*What this task involves*. An exact copy is needed of the lines in the entries below from the line with "Mesurer les consommations électriques..." up to and including the line with "Badezimmer mit Wanne / bagno con vasca", and of nothing else. Leave the pictures out.

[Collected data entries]
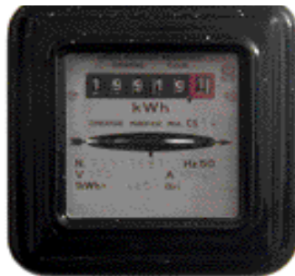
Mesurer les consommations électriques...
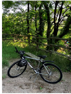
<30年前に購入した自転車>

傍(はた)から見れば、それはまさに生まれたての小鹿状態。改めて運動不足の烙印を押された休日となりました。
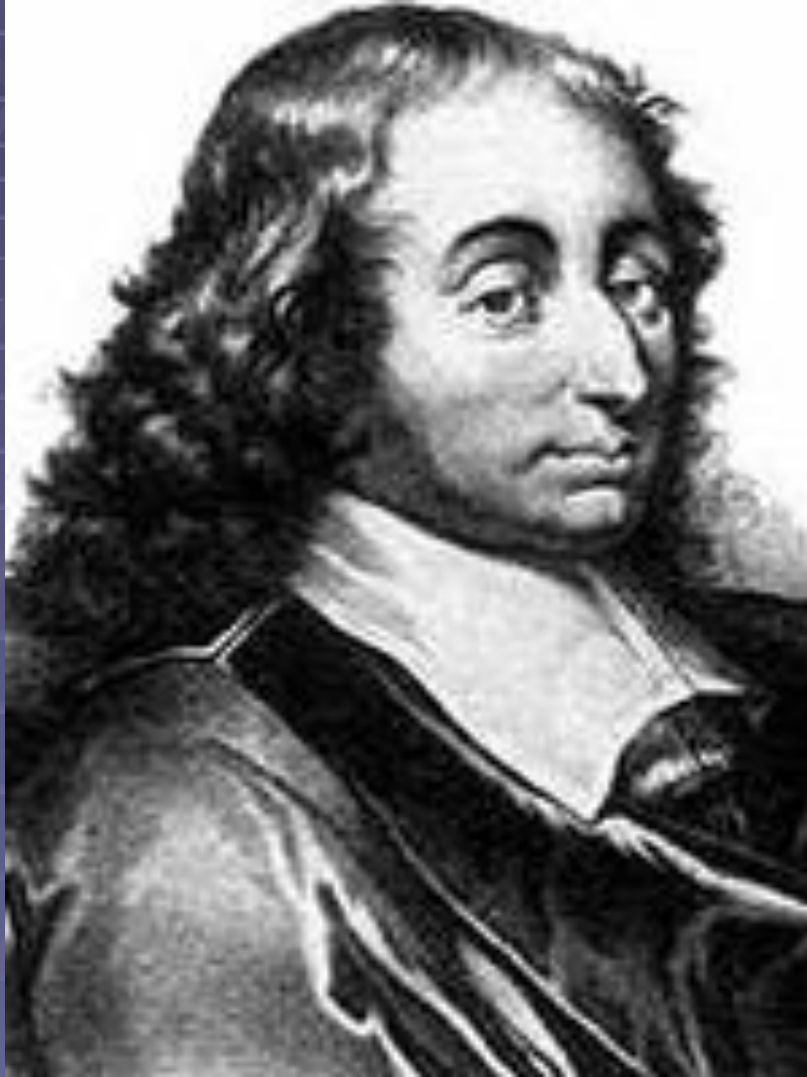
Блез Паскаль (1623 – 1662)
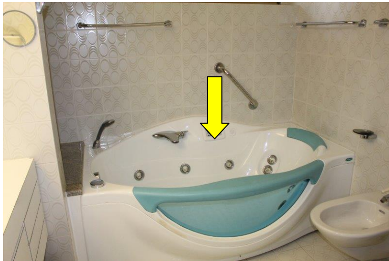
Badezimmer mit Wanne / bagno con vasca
* * *
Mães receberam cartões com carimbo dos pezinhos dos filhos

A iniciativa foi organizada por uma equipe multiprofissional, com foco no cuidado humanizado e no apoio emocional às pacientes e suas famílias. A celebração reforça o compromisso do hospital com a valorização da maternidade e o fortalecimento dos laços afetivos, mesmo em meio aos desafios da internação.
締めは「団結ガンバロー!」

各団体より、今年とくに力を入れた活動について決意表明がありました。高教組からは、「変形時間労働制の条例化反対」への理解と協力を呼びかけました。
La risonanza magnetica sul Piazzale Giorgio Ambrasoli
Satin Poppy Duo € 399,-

*Expected answer*.
Mesurer les consommations électriques...
<30年前に購入した自転車>

傍(はた)から見れば、それはまさに生まれたての小鹿状態。改めて運動不足の烙印を押された休日となりました。
Блез Паскаль (1623 – 1662)
Badezimmer mit Wanne / bagno con vasca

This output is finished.